Los iraníes encuentran todas las maneras posibles de complicarse la vida. Por ejemplo, un día Moody me llevó a comprar azúcar, y este simple recado se convirtió en una jornada entera de trabajo. Los iraníes están divididos en cuanto a sus preferencias por el tipo de azúcar que usan en su té. Ameh Bozorg prefería azúcar molido que derramaba generosamente en el suelo. Mammal era partidario de ponerse un terrón directamente sobre la lengua, detrás de los dientes delanteros y beber el té a través de él.

Mammal le entregó a Moody cupones de racionamiento que nos permitían comprar azúcar de las dos variedades para varios meses. El tendero comprobó los cupones y luego le sirvió algunos kilos de azúcar molido de un montón que había en el suelo, en una directa invitación a los gusanos. Después, con un martillo, cortó un pedazo de un gran trozo de azúcar.

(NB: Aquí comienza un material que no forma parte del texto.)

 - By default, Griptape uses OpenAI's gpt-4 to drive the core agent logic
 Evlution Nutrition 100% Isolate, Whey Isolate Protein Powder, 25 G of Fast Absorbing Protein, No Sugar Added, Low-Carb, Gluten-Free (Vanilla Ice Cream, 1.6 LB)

En casa, tuve que moldear «terrones» con él, aporreándolo primero hasta convertirlo en pequeños trocitos y luego cortando los cubos con un instrumento parecido a un alicate que me levantó ampollas en las manos.

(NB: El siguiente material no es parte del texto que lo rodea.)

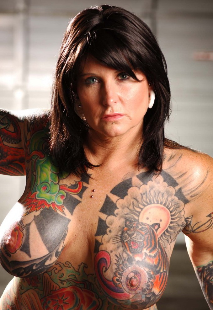 Множественное туту на теле женщины с весьма достойными формами только украсили её и привлекли к её телу повышенное внимание.
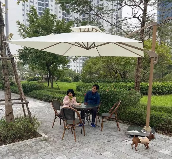 * Phù hợp nhiều không gian khác nhau cần tính thẩm mỹ cao, giúp bạn không gian sinh hoạt, kinh doanh nổi bật lên chắc chắn khi sử dụng mẫu dù che lệch tâm vuông cao cấp này

Tareas así fueron llenando los espantosos días de octubre de 1984, pero podía observar cierto progreso. Moody, poco a poco, iba relajando su vigilancia. Sabía perfectamente que yo era mucho mejor cocinera que cualquier mujer iraní, y que tenía que buscar cuidadosamente en los mercados locales para encontrar las carnes, las frutas, las verduras y el pan más frescos. Abrigando a Mahtob y Amir para protegerlos del frío aire otoñal, emprendíamos cada mañana el largo viaje hacia las diversas tiendas.

Descubrí una combinación de hamburguesería y pizzería en que, como yo era americana, accedieron a venderme un par de kilos de aquel extraño queso iraní que parecía
mozzarella
, el queso blanco italiano. Usándolo, podía crear una imitación bastante buena de una pizza al estilo americano. El dueño de aquella tienda, Pol Pizza Shop, me dijo que me vendería el queso cuando quisiera… pero sólo a mí. Era la primera vez que mi nacionalidad representaba una ventaja para mí.

En estas primeras excursiones, Moody venía conmigo, vigilándome estrechamente, pero yo estaba encantada al notar signos de aburrimiento en él.

En una ocasión, permitió que Nasserine me llevara a comprar hilo para hacer un suéter a Mahtob. Anduvimos toda la mañana buscando agujas de hacer media, sin éxito. «Hay que tener suerte para encontrarlas —me dijo Nasserine—. Pero no tengo inconveniente en que uses las mías».

Poco a poco, sin ansiedad, fui induciendo en Moody la idea que era pesado e inútil acompañar a una mujer a sus recados. Así, me aseguraba de que siempre me faltara algún ingrediente necesario o algún utensilio, justo cuando me disponía a hacer la cena. «Necesito unas pocas judías ahora mismo», decía. O queso, o pan, o incluso catchup, que a los iraníes les encanta.

Durante unos días, por alguna razón desconocida, Moody estuvo más hosco e inquietante que de costumbre, pero debía de suponer que me tenía efectivamente acorralada. Un día evidentemente preocupado por sus propios asuntos, se quejó de que no tenía tiempo de acompañarme al mercado. «Ve tú misma al recado», me dijo. Esto, sin embargo, suscitaba otro problema. Él no deseaba que yo tuviera dinero propio, porque el dinero proporcionaba al menos una libertad limitada (aún no sabía nada de mi tesoro privado). De modo que impartió sus instrucciones: «Primero, ve a averiguar el precio. Luego vuelve, y te daré el dinero para que yayas a buscarlo».

Era una tarea difícil, pero estaba dispuesta a efectuarla. Todas las mercancías eran vendidas por kilos, y el sistema de medidas era para mí tan inescrutable como el parsi. Al principio tomé lápiz y papel e hice que el dependiente me escribiera el precio. Poco a poco fui aprendiendo a leer los números persas.